Synthesis of Helical Poly(phenylacetylene)s Carrying Dendritic Pendants with Varied Branching Densities Through Polymerization in Different Solvents

Helical poly(phenylacetylene)s (PPAs) have received extensive attention because of their features in dynamic chirality and promising applications. Therefore, understanding relationship among the polymer molecular structures, polymerization conditions and tunability of their chirality is of key scientific value. Recently, we developed a novel class of dendronized PPAs carrying 3-fold dendritic oligo(ethylene glycols) (OEGs) via alanine linkage, and found that these bulky polymers exhibited tunable helical conformations through thermally-mediated dehydration and aggregation.
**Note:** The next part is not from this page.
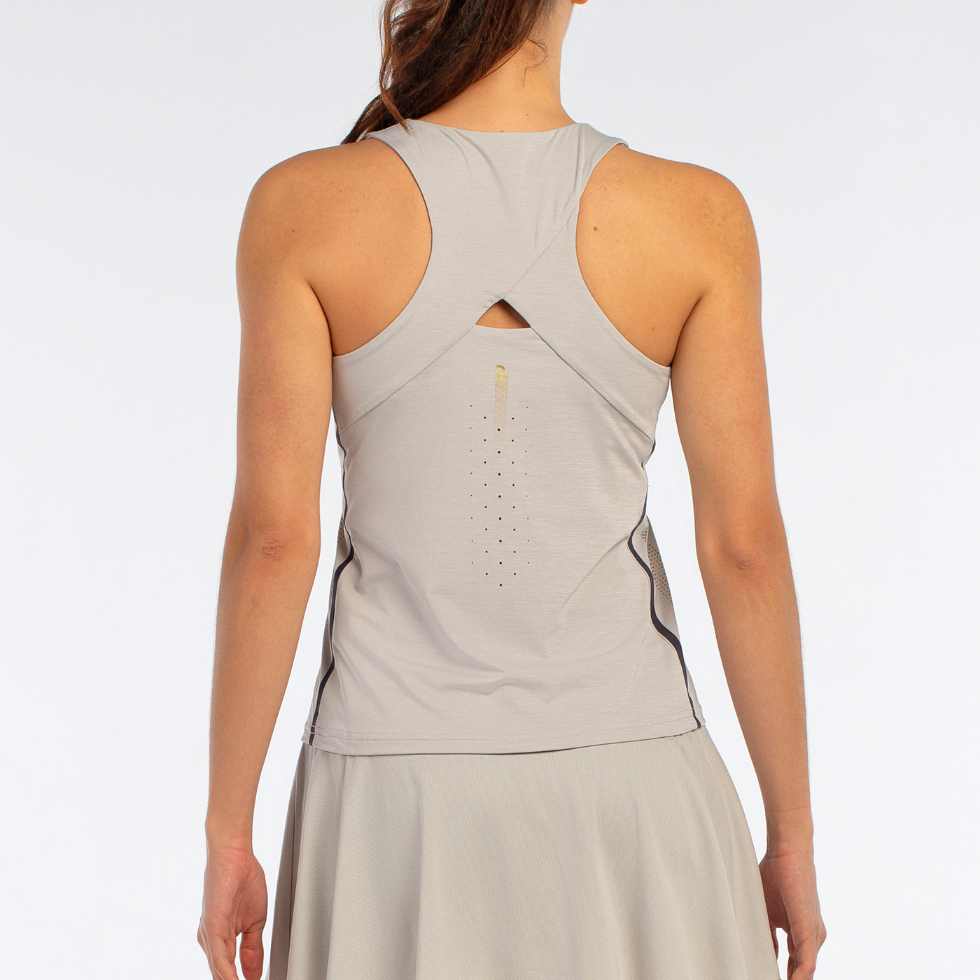 Diseño elegante de tirantes, silueta suelta, costura termosellada rematada con cinta ultrasónica en centro de espalda. Decorada con estampado en el frontal delantero y los gráficos de Premier Padel.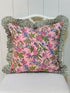This darling frill cushion is hand block printed and expertly tailored in India. It features a charming floral print with a hand gathered pink striped ruffle trim. Available in 3 colors! White, pink, and beige.

Herein, we report on synthesis of a homologous series of dendronized PPAs that carry 2-fold, 3-fold or 6-fold dendritic OEG pendants, and focus on effects of molecular topological structures, peripheral units and polymerization solvents on the thermoresponsiveness and their conformation switching behaviors. Effects of branching density and peripheral units (ethoxyl or methoxyl) of the dendritic OEG pendants were examined, and found to play a decisive role on the helical conformation and thermoresponsiveness of these dendronized PPAs due to their different bulkiness and overall hydrophilicity. In addition, different polymerization solvents were checked for their possible influence on the polymerization, thermoresponsive behavior and the chirality of the resulting polymers. For polymerization in selective solvents like water or methanol, the obtained dendronized PPAs exhibited weak thermal transitions, while polymerization in non-selective solvent like THF furnished PPAs with characteristic thermoresponsive behavior, indicating that solvents were involved in the process of polymerization of the dendronized macromonomers. More interestingly, different chiralities of the PPAs through polymerization in various solvents were retained, irrelevant to the purification process and solvents treatments. This work suggests that the topological structures together with polymerization solvents can modulate the thermoresponsive behavior and helical conformation of the dendronized PPAs.